Aurelio Galleppini, also known as Galep, the graphic designer of this character and illustrator, was born in Casal di Pari (Grosseto) on 28th August 1917, of Sardinian parents. After spending most of his youth in Sardinia, he abandoned his studies in the second year of the "Istituto industriale" in order to take up drawing and painting, which he cultivated as a self-taught art.

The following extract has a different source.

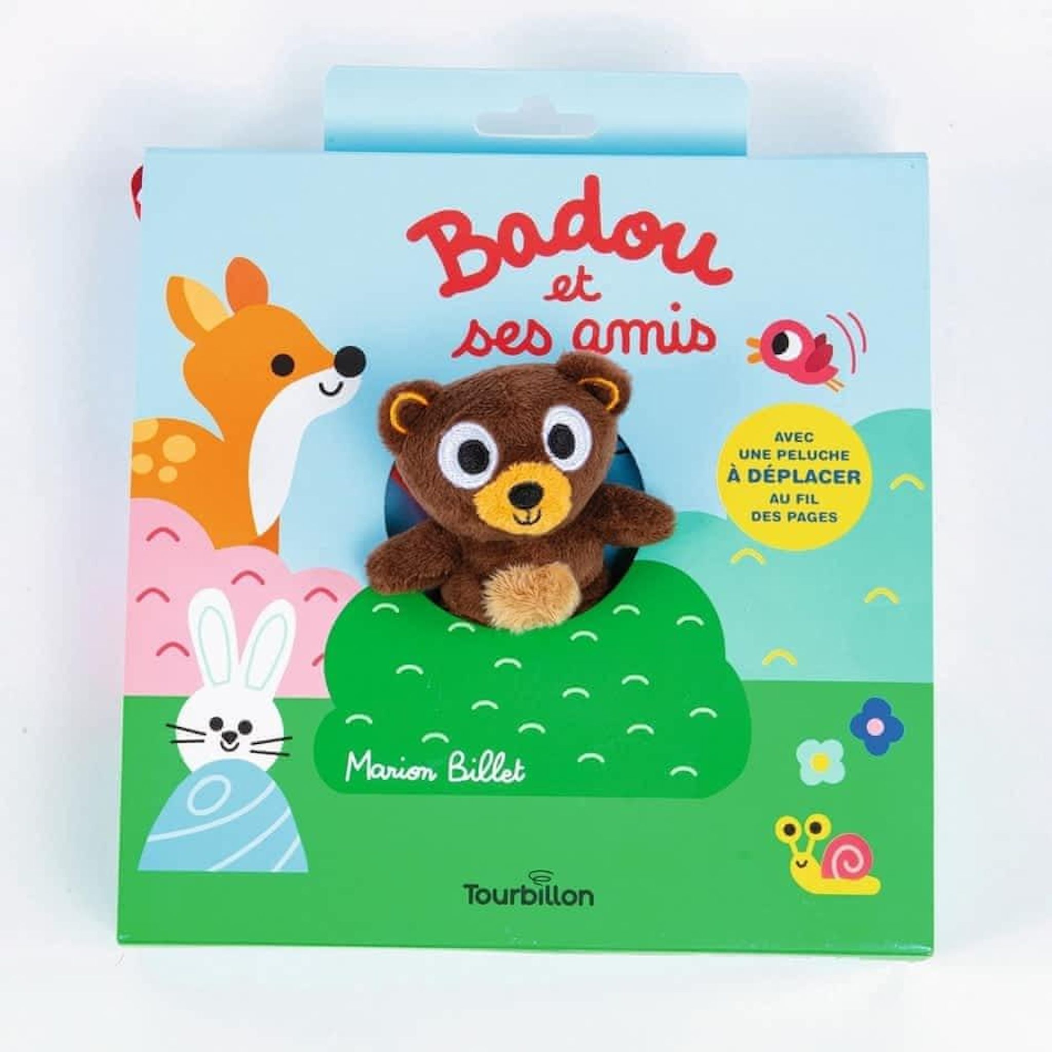 Fais vivre à la petite peluche Badou une incroyable journée avec ses amis ! Une lecture interactive pour les tout-petits Accrochée au livre tissu, Badou, une adorable petit peluche ours, est à déplacer de pages en pages. Grâce à un système astucieux de pochettes en tissu, on peut cacher Badou derrière un buisson, le faire se baigner dans la rivière, se reposer dans un hamac... Badou, un petit héros tendre et attachant L'enfant s'amuse avec la petite peluche Badou, attachée au livre par un petit lien en tissu et s'invente ses toutes premières histoires. Le petit ours se balade dans des tableaux joyeux, aux couleurs fraiches, illustrés par Marion Billet.

When he was 18 years old some of his drawings appeared in animated cartoons created on behalf of a German factory, which produced two-stroke projectors. Galleppini's first drawings published in a periodical date from 1936: they were illustrated fairy tales destined to "Mondo Fanciullo". From 1937 till 1939 he contributed to "Modellina" with his first illustrated tales - "In terra straniera", "La prova dei coccodrilli", "All'ombra del tricolore", "Le avventure di Pulcino" (the latter a large colour album with a comic slant). He also designed some Covers for "Il Mattino Illustrato" and contributed the artwork for "Il segreto del motore" by Andrea Lavezzolo. During the same years he provided the artwork for two long comic-strip stories published by Mondadori, with scripts by Federico Pedrocchi: "Pino il mozzo" and "Le perle del mar d'Oman". In 1940, Galleppini moved to Florence where he started working with the publishing house Nerbini. Several comic strip stories came out in "L'Avventuroso", for some of which Galleppini also composed the scripts. However, the censorship and other absurd orders issued by the regime, which made a travesty of the content and form of comic-strip stories, prompted Galleppini to temporarily cease all activity in this field. During the immediate post-war period he devoted himself to painting (with noteworthy success), designing posters and teaching the art of drawing.
In 1947 he resumed his activity as an illustrator with a series of albums for "L'Intrepido", including: "Il clan dei vendicatori", "Il corsaro gentiluomo", "Il giustiziere invisibile", "La perla azzurra". Moreover, he illustrated books such as "I tre moschettieri", "La maschera di ferro", "Le mille e una notte", "Il barone di Münchhausen" and "Pinocchio" (the latter as a comic-strip). At the end of 1947, Galleppini established contact with the director of the "L'Audace" press, suggesting a resumption of his activity at L'Audace. He thus began to illustrate the fortnightly magazine "Occhio Cupo" and the weekly issue "Tex", the scripts for which were written by Giovanni Luigi Bonelli. Tex marked a turning point in the artistic activity of Aurelio Galleppini, who thereafter devoted himself body and soul to this publication, except for brief and exceptional pauses such as the tale "L'Uomo del Texas", which was created in 1977 with a script by Guido Nolitta for the series "Un Uomo, un'Avventura". Galep created all the artwork for the Tex stories single-handedly for a good many years, until the enormous expansion of the publication called for the assistance of other illustrators. However, he designed all the Covers of the series right up to issue number 400. A devotion (indeed, virtually a symbiosis) broken off only when Galep passed away in Chiavari (Genoa) on 10th March 1994.